If You Like American Gothic, then You'll Love John Steuart Curry

In the 1930s, a new romantic vision of the rural Midwest emerged

By Google Arts & Culture

American Gothic (1930) by Grant Wood (American, 1891-1942)The Art Institute of Chicago

Grant Wood's 1930 painting American Gothic is one of the most recognisable images in all of art history. Shortly after this double portrait of an Iowan farmer and his elderly daughter was painted, it entered into the public consciousness as an image of pure Americana.

The inspiration for the image was a house in the town of Eldon, Iowa. Wood later said he wanted to paint the kind of people he imagined living in this cheap, wooden house with its incongruous Gothic window.

The title of this painting may refer to the Gothic window of the house, but also to the old-fashioned style of these austere, puritan farmers, who appear as tall, thin, almost cartoon-like caricatures.

Numerous details exaggerate this. The pitchfork points upright, its thin metal tines slicing the air, matched by the vertical lines of the farmer's shirt and buttons.

Their strange oval faces, their stares, and their pursed lips appear standoffish.

They are both modestly dressed. Their black clothes suggests they may be in mourning. At the very least, they are solemn and serious people.

Wood painted this image just one year after the Wall Street Crash, and just a few years before severe drought and high winds turned the lush pastures of the American interior into barren, infertile wastes. During this time these States were collectively known as the Dust Bowl.

Many of the first viewers of American Gothic thought it was a satirical image. Many Iowans took great offence. Wood insisted that he painted the image out of appreciation for these small-town farmers, not out of mockery, but this is debated.

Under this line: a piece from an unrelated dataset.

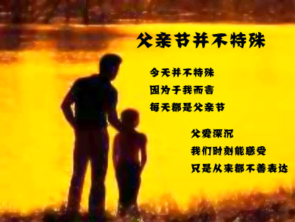 父亲节是一年中特别感谢父亲的节日,在一篇篇精彩的帖子中我们感受到了父亲那伟大、无私、深沉、宽广的爱。虽然今日一般人对于父亲节的庆祝活动不像对母亲节一般的重视与热闹,但是在教导我们的路上父母的关爱却是一致的,当母亲含辛茹苦地照顾我们时,父亲也在努力地扮演着上帝所赋予他的温柔角色。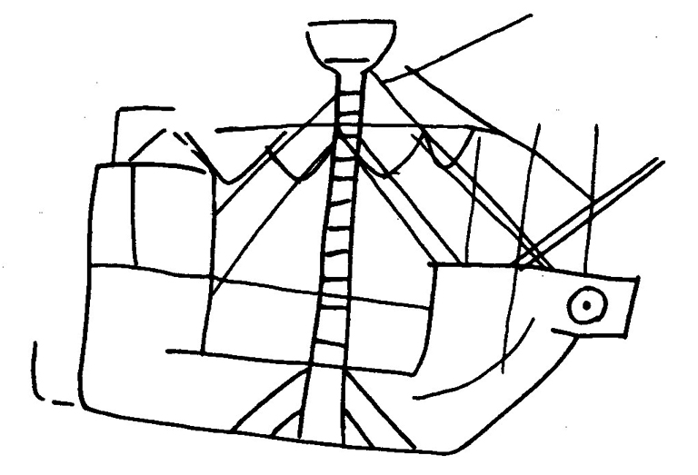 Изображението се оказа на “кога” - военен плавателен съд със западноевропейска конструкция от ХIV в. Много характерни при нея са предната и задната надстройка (кастели), играели роля на бойни кули в морските сражения. Когата е изобретение на северните морета, но бързо намира разпространение и в Средиземно море. Особено добре се възприела тя от италианските републики Венеция и Генуа. През 1304 г. флорентинският хронист Джовани Валяни пише: “Дойдоха хора от Гаскония с техните кораби, които на байонски се наричат “коги”. И започнаха генуезците, венецианците и каталонците да се обслужват също с коги.”

The Old Folks (Mother and Father) (1929) by John Steuart Curry (American, b.1897, d.1946)Cincinnati Art Museum

By contrast, John Steuart Curry's 1929 painting The Old Folks presents an image of national and familial harmony. Along with Grant Wood and Thomas Hart Benton, Curry was hailed as one of the three great painters of American Regionalism.

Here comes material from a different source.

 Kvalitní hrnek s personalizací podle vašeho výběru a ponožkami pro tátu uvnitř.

The elderly parents, 'the old folks', are taking a well-earned rest in their clean, brightly lit homestead.

Pa reads the newspaper…

Ma knits…

…and the faithful sheepdog watches the farmyard from the window.

Outside, under a blue sky, a crowd of cattle fill the yard. A silo stands ready to be filled with grain. And a new windpump draws cool water.

Inside, the telephone hanging on the left hand wall…

…and the radio on the right, suggest the coming of electricity, and with it, modernity, to these remote towns. It's a vision of the kind of country America could, and should, be.

The Midwest was seen as a cultural backwater by many artists working in the coastal regions. However, sweeping social changes in urban America and the ordeal of World War I engendered a new romantic vision of the region.

Curry made this painting during a six-week trip home to his native Kansas. He had returned there to remind himself of his subject matter and to keep himself 'honest'.

For all his honesty, this remains a fantasy. The reality of rural life was hardship and poverty for many. The recent 1928 presidential election had hinged on this issue, and had reinvigorated the Ku Klux Klan.

The comfort and ease of this painting reflects the victory speech of President Herbert Hoover, in which he claimed "We shall soon with the help of God be in sight of the day when poverty will be banished from this land."

This victory soon turned to ash, and those words came back to haunt Hoover. The bucolic vision of the Midwest would soon be replaced by Walker Evans and Dorothea Lange's photographs of destitution and desperation.